Tuesday, November 29, 2022

From the Texas AWWA: Houston, Texas: A Big City with a Growing Thirst for Drinking Water

Public policy analysis from the Texas Chapter of the American Water Works Association - a professional association. 

- Click here for the article

As the fourth largest city in the United States, Houston’s sheer physical size (a service area of 640 square miles) adds to the challenge of planning for its population in the years to come. The City of Houston’s Drinking Water Operations’ three major surface water plants and dozens of water wells (Department of Public Works and Engineering and Public Utilities Division) currently produce more than 146 billion gallons of drinking water which is distributed through over 7,500 miles of pipe each year.

Houstonians have long lived with what could be viewed as an overabundance of adverse physical characteristics. These add a multitude of complications to any calculus for Houston futurists.

. . . Because of land subsidence, Houston area city leaders were mandated to end the use of groundwater in Harris, Galveston and Fort Bend counties and convert to surface water instead. According to its website, the State of Texas created the Houston-Galveston Subsidence District in 1975. The Subsidence District provides guidelines for, and facilitates compliance with, the mandate. The agency’s mission is “to provide for the regulation of groundwater withdrawal throughout Harris and Galveston counties for the purpose of preventing land subsidence which leads to increased flooding.”

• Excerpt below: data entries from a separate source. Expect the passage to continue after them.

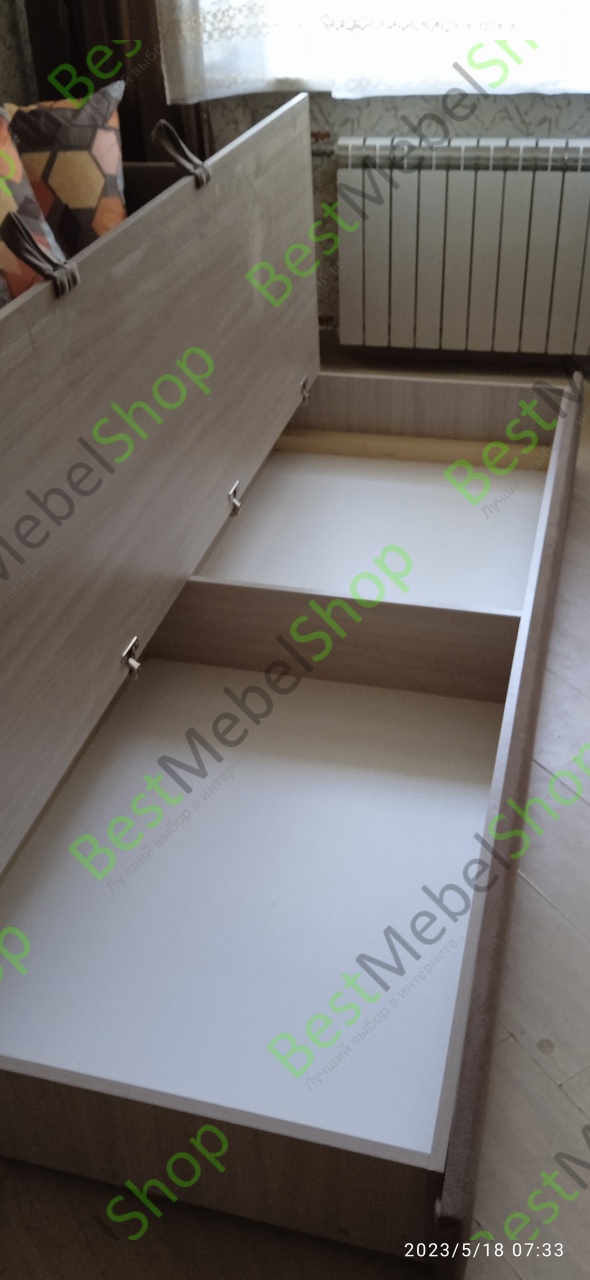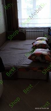 Очень понравилась софа. Сборка не понадобилась, просто вставила спинку и боковушку. Большой ящик для белья, софа в разложенном виде 155 см, жёсткость в меру. Надеюсь, послужит долго. Спасибо!
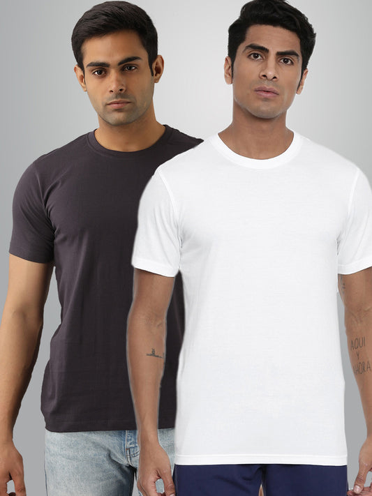 Plain Half Sleeves Pack Of Two Grey And White T-Shirts
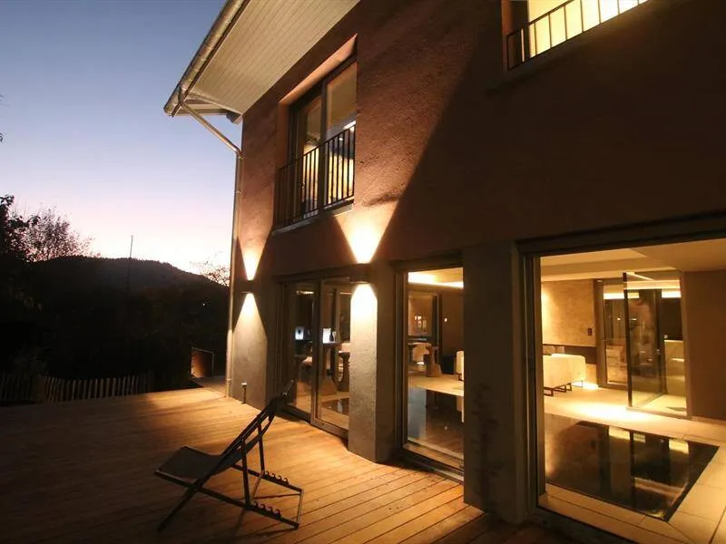 Contemporary house ***** for 6 adults and 4 children. Indoor pool at 31°, sauna, kids' floor, ski and bike room, 100 m from the lake, in a wooded setting. Private parking lot. Charging station. Geothermally heated and air-conditioned Egologe.Localisation
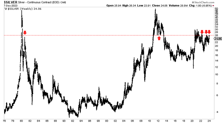 The $26 level is an important historical pivot point (first rally after the 1980 crash, major support after the 2011 peak, and resistance over the past two years) and marks the 50% retracement of the move from the all-time highs to early 1990s lows.
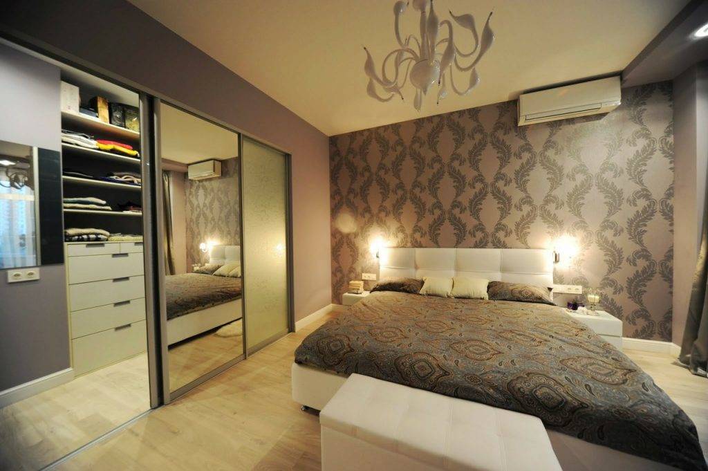 дизайн гардеробной комнаты с зеркалом
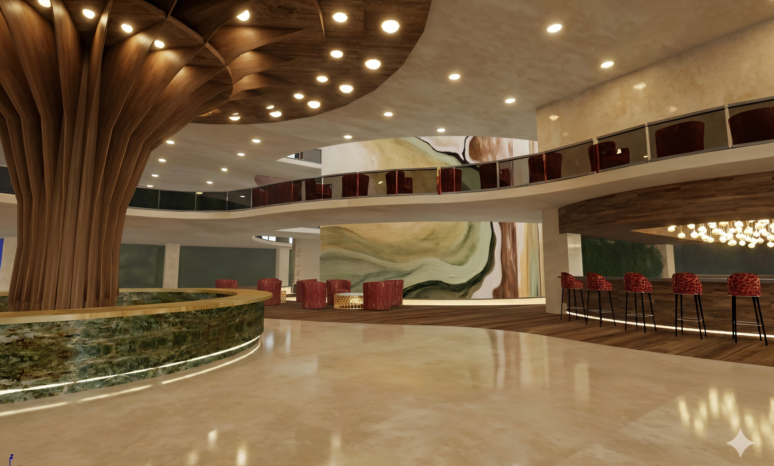 add people and fix the glass railing at on the second floor to look like one continuous glass panel do not alter anything else about this rendering given to you
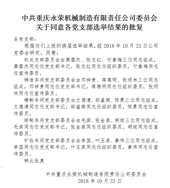 10月,永榮機(jī)制公司黨委下屬五個黨支部兩年任期屆滿,按照相關(guān)規(guī)定,各支部分別召開黨員大會進(jìn)行換屆選舉。截至10月底,各黨支部順利完成選舉任務(wù)。圖為選舉結(jié)果。
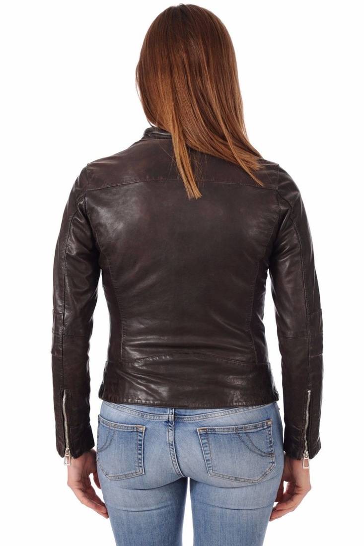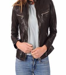 Women's genuine lambskin black leather jacket motorcycle biker jacket-c006
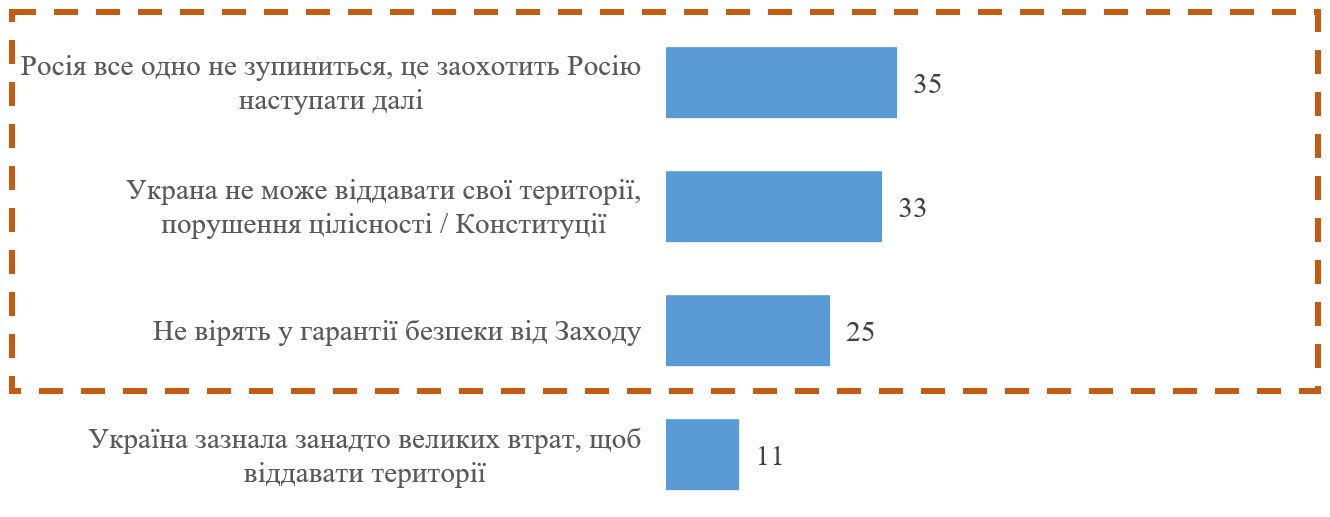 Респондентам, для яких така умова є категорично неприйнятною (або які засумнівалися з відповіддю), ставилося додаткове запитання у відкритій формі, чому вони так вважають. Отже, є три приблизно однаково поширені пояснення, чому українці відкидають таку умову (% серед тих, для кого умова є категорично неприйнятною або кому було важко відповісти):
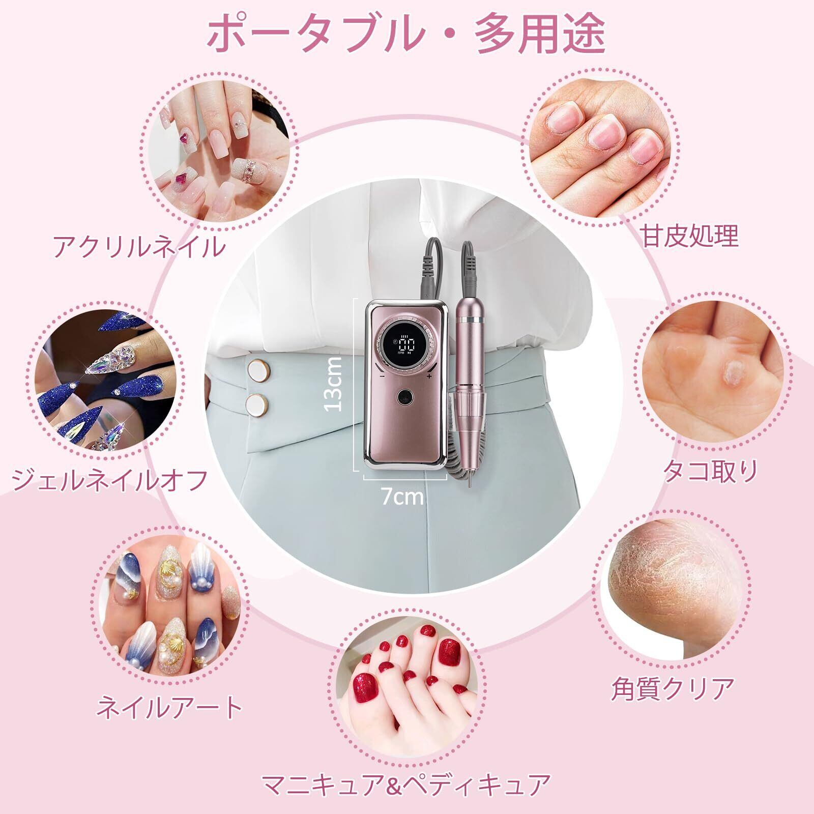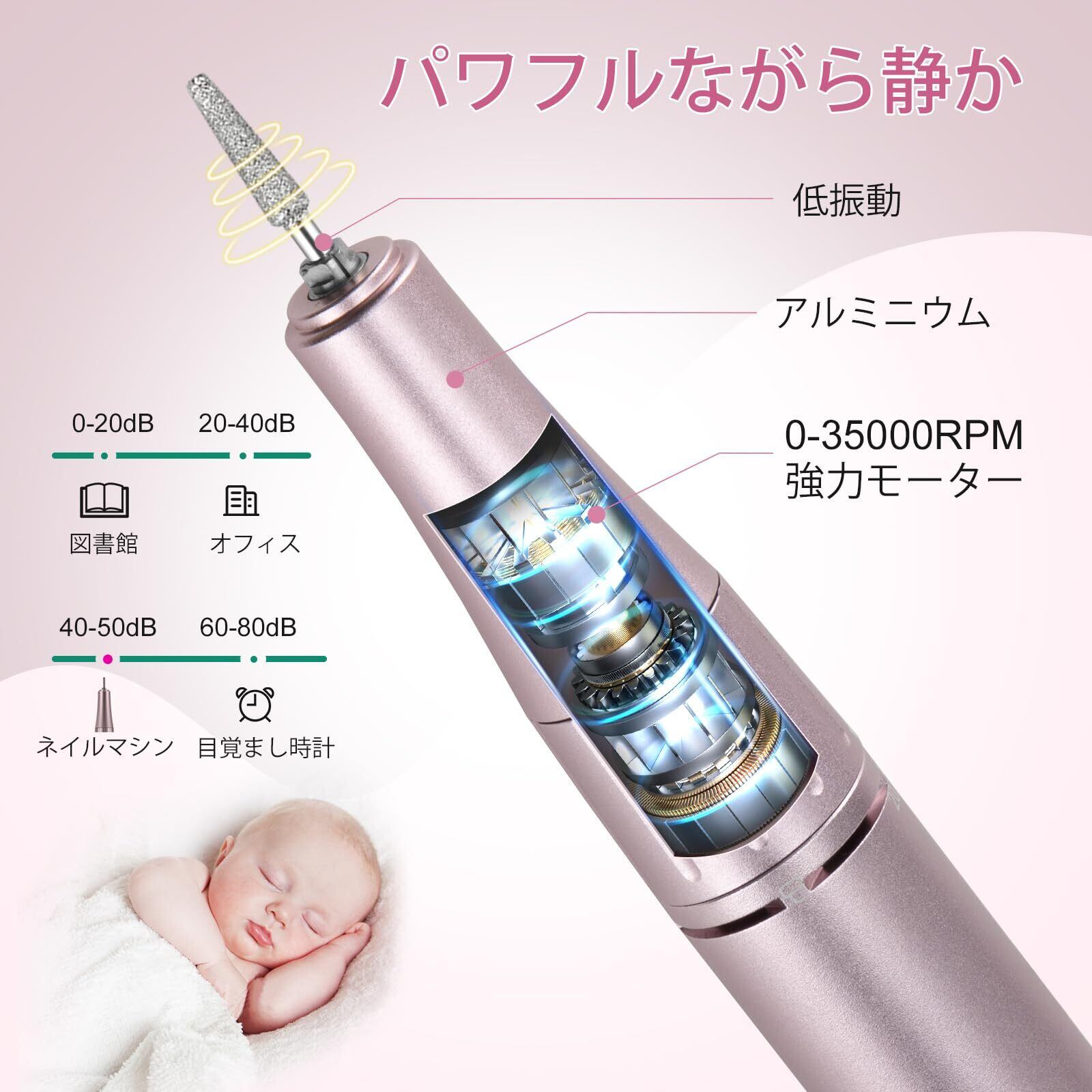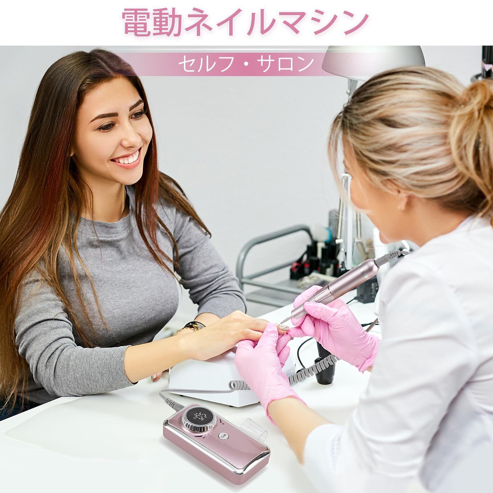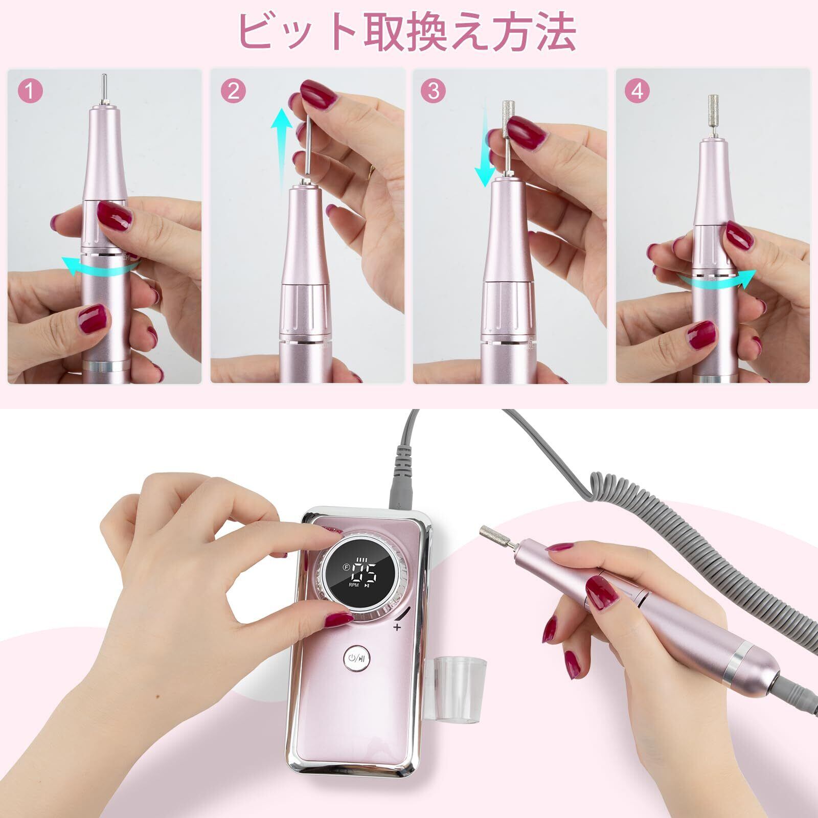 【在庫処分】Madenia 充電式ネイルマシン 電動ネイルマシン プロ用 ビット付け ネイルマシーン アクリルネイル 35000RPM 高速回転 正逆回転 無階段変速 一時止め プロネイルマシン ネイルケア 初心者可 ネイルサロン 自宅用 ネイルビット&サンディングバンド付け ピンク | ニコニコSHOP

“In terms of subsidence issues, the City has been very successful in reducing dependency on groundwater at the present time; only 20 percent of the City’s water comes from groundwater. In the next several years, that percentage will be further reduced, so the City remains in compliance with subsidence district’s mandates,” stated Yvonne Forrest, City of Houston, Public Utilities Senior Assistant Director in a Texas Water Conservation Association (TWCA) Confluence article in 2016.

The conversion process to surface water is expected to be complete by 2025. It is anticipated that subsidence should be controlled in 2020 and halted by 2030.

The twin concerns—land subsidence and an exploding population—have become the two major drivers in the quest for additional surface water supplies for the City of Houston.